* _RECORDS PROVIDED_

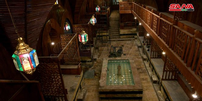 وبين قطان لـ سانا أن الحمام تاريخياً كان يتوزع على جزأين الأول ويقال له حمام الست وكان مخصصاً للسيدات والثاني حمام النحاسين ومخصص للرجال لافتاً إلى أن الحمام يتألف من أقسام البراني والوسطاني والجواني حيث يتم استقبال الزائر في القسم البراني ويقوم باستبدال ثيابه ويدخل إلى القسم الوسطاني ومن يتحمل حرارة أكثر يدخل إلى القسم الجواني وفيه بيت النار والبخار الكثيف حيث يستفيد منه بعض الاشخاص بالاستلقاء للتخلص من آلام الظهر.
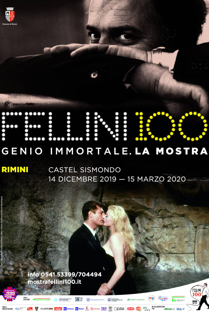 A 100 anni dalla sua nascita, Rimini celebra il regista, nato nel capoluogo romagnolo e a cui era legato da un rapporto di amore-odio, con Fellini 100 Genio immortale, dal 14 dicembre fino al 15 marzo 2020, progettata da Studio Azzurro di Milano, promotore il Comune di Rimini, una grande mostra ospitata nelle sale di Castel Sismondo, l\'antica residenza dei Malatesta, signori di Rimini.
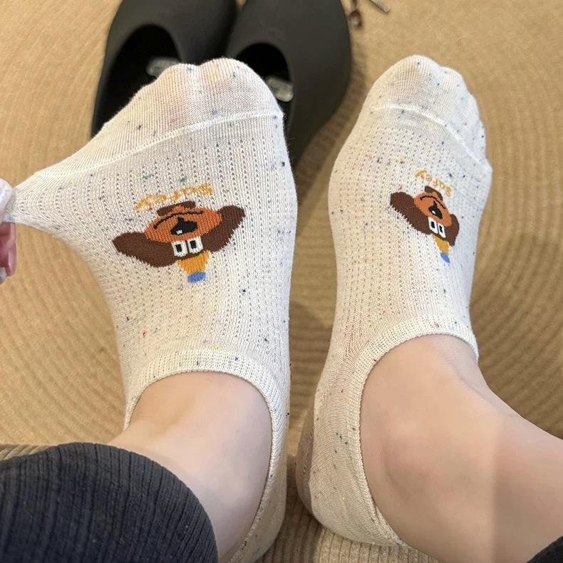 Женские летние тонкие хлопковые милые мультяшные невидимые силиконовые нескользящие носки с не спадающей пяткой
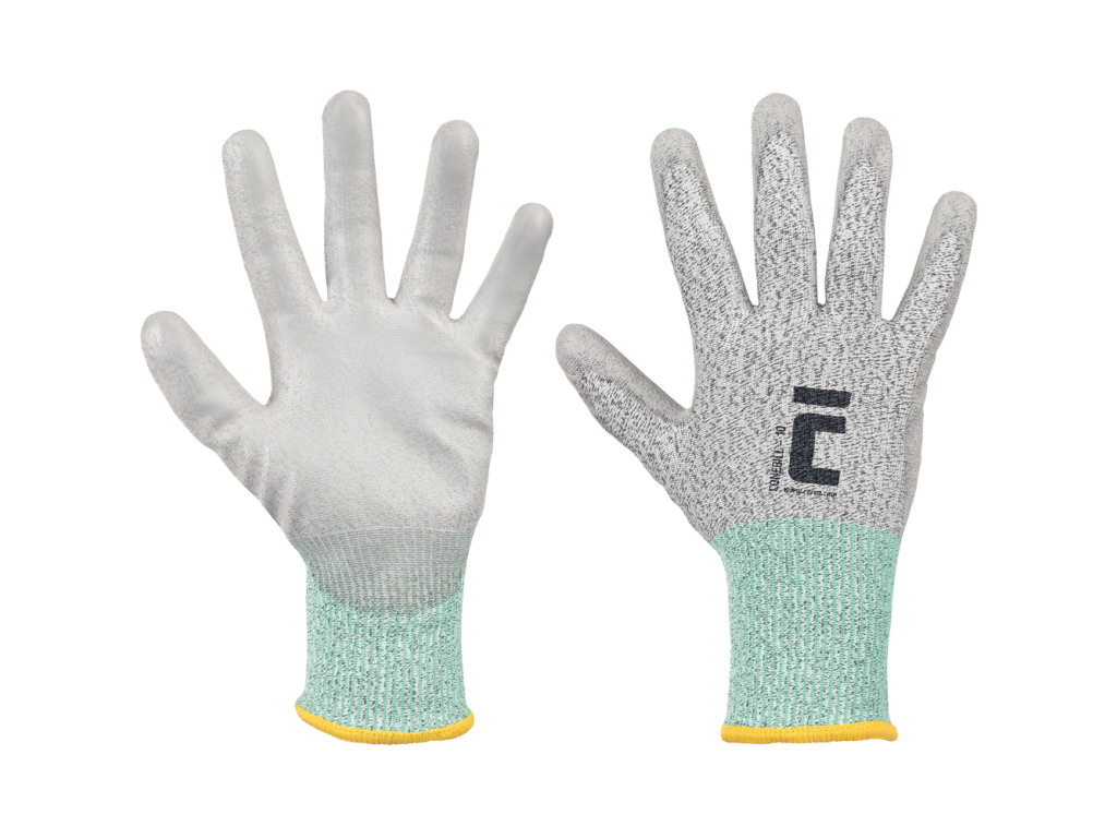 • pletené bezešvé rukavice • kategorie prořezu C • šedý PU na dlani a prstech
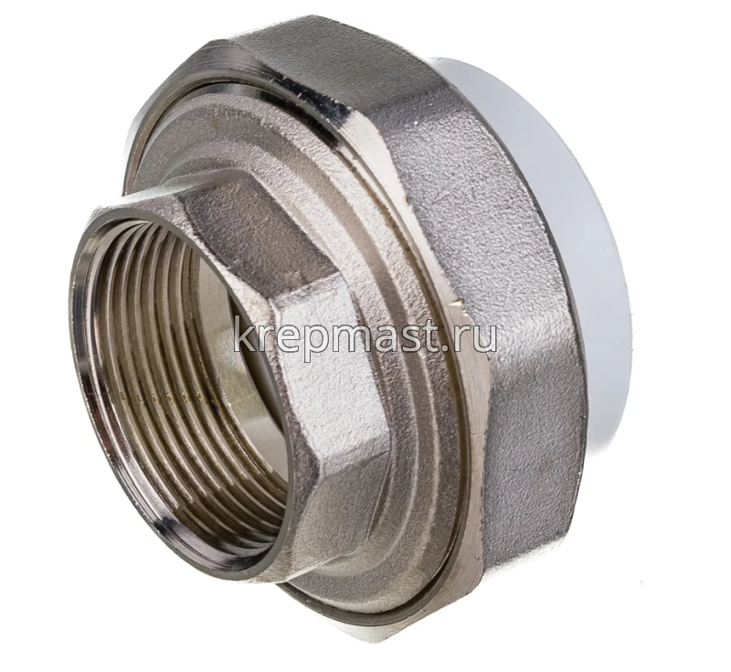 Комбинированная разъемная муфта (американка) ВР D 50-1 1/2 п/п - разъемная муфта состоит из двух элементов, один из которых приваривается к полипропиленовой трубе посредством раструбной сварки, другой - соединяется с оборудованием или арматурой при помощи трубной резьбы.

* _EXERCISE_
What is wanted is an exact copy of the lines from the line with "Женские летние тонкие" through the end of the records, both ends included, pictures excluded.

* _RESULT_
 Женские летние тонкие хлопковые милые мультяшные невидимые силиконовые нескользящие носки с не спадающей пяткой
 • pletené bezešvé rukavice • kategorie prořezu C • šedý PU na dlani a prstech
 Комбинированная разъемная муфта (американка) ВР D 50-1 1/2 п/п - разъемная муфта состоит из двух элементов, один из которых приваривается к полипропиленовой трубе посредством раструбной сварки, другой - соединяется с оборудованием или арматурой при помощи трубной резьбы.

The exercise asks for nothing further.